Transforming Higher Education In India: Newer Imperatives To Increase Relevance Of Higher Education In Today's World
The growth and scope for higher education and technical education in the country have the potential to make this sector one of the most innovative and market-responsive domains.
The higher education space in India has never been more robust and diverse as it stands today. According to some reports, the higher education system in the country is the third-largest in the world when the number of students is considered. The higher education sector has especially witnessed massive growth since 2001, with the country having more than 993 universities and 39,931 colleges along with 10,725 stand-alone institutions at present. (As per a report of the All India Survey on Higher Education, MHRD 2018-19). The growth and scope for higher education and technical education in the country have the potential to make this sector one of the most innovative and market-responsive domains.
The paradox, as per present realities, however, paints a different picture. A recent report published by the All India Survey on Higher Education (AISHE) puts the Gross Enrolment Ratio (GER) in higher education as a dismal 26.3 per cent for 2018-2019. While the figure itself isn’t strong, further disaggregation of the data into gender, caste divisions and other inequities make it even bleaker. However, the greatest issue that plagues higher education in India is not its GER alone.

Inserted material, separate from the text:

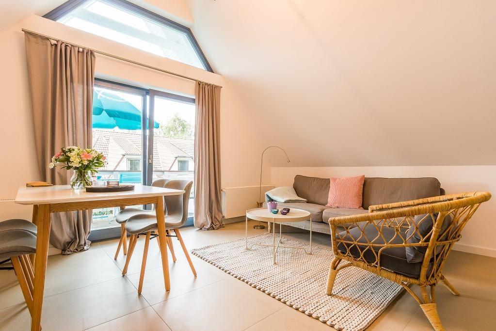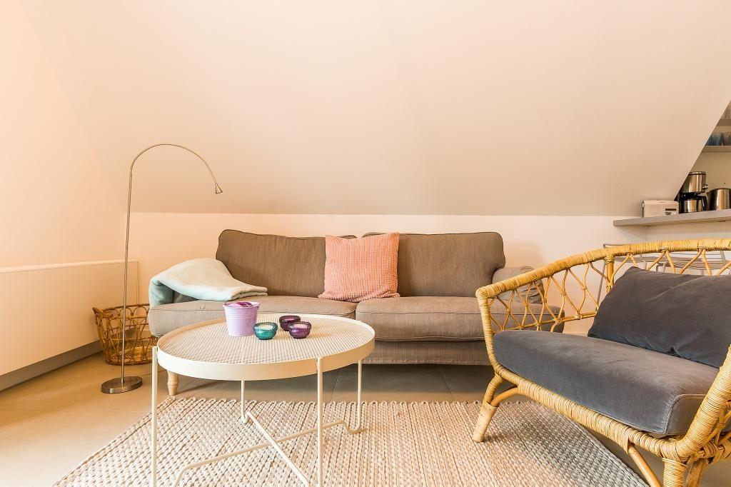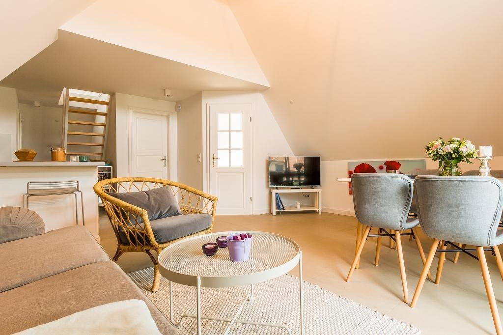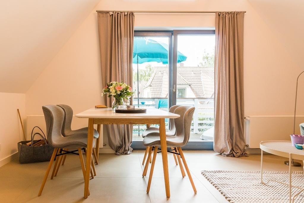Die Obergeschosswohnung mit separatem Eingang über eine Außentreppe begeistert durch ihren Mix aus schlichter Eleganz und skandinavischem Stil. Ihre Ausstattung ist insgesamt neu, hochwertig und geschmackvoll. Im Wohn- und Essbereich erwartet dich das gemütliche Sofa, ein Kaminofen und bodentiefe Fenster mit Austritt zum Balkon. Die vollständig eingerichtete Küchenzeile ist in den Wohnraum integriert und bietet dir zusammen mit dem Esstisch einen kommunikativen Raum zum Essen, Kochen und Klönen. Natürliche Materialien wie Holz finden sich auch im modernen Schlafzimmer wieder, welches mit einem Doppelbett ausgestattet ist. Ein Badezimmer mit Dusche/WC und Handtuchtrockner macht den Wohnkomfort perfekt.

Despite the potential and numerous institutions, our higher education system has been unable to ensure employability for its students. The National Employability Report for Engineers, 2019 indicates that 80 per cent of engineers trained in India continue to be unemployable for available jobs. This plagues other disciplines as well, which is unsurprising when we consider two key factors. The first is the fact that most of the emphasis within higher education in the country is towards ‘academic’ or the perceived learning of what is considered essential, as opposed to focus on learning that is based on praxis. To add to this, teachers that impart higher education in the country are almost all academics themselves and not practitioners of the discipline.
The above factors affect directly the ability of students to be able to respond to emergences as professionals and also dominates pedagogic approach and tools. Curricula and its methods, in most institutions of higher education, continue to remain unchanged and archaic, leading to relevant industries remaining hesitant to engage and retain such students. More importantly, this dated pedagogic approach views students merely as ‘receivers’ of knowledge and learning, rather than as co-creators and innovators.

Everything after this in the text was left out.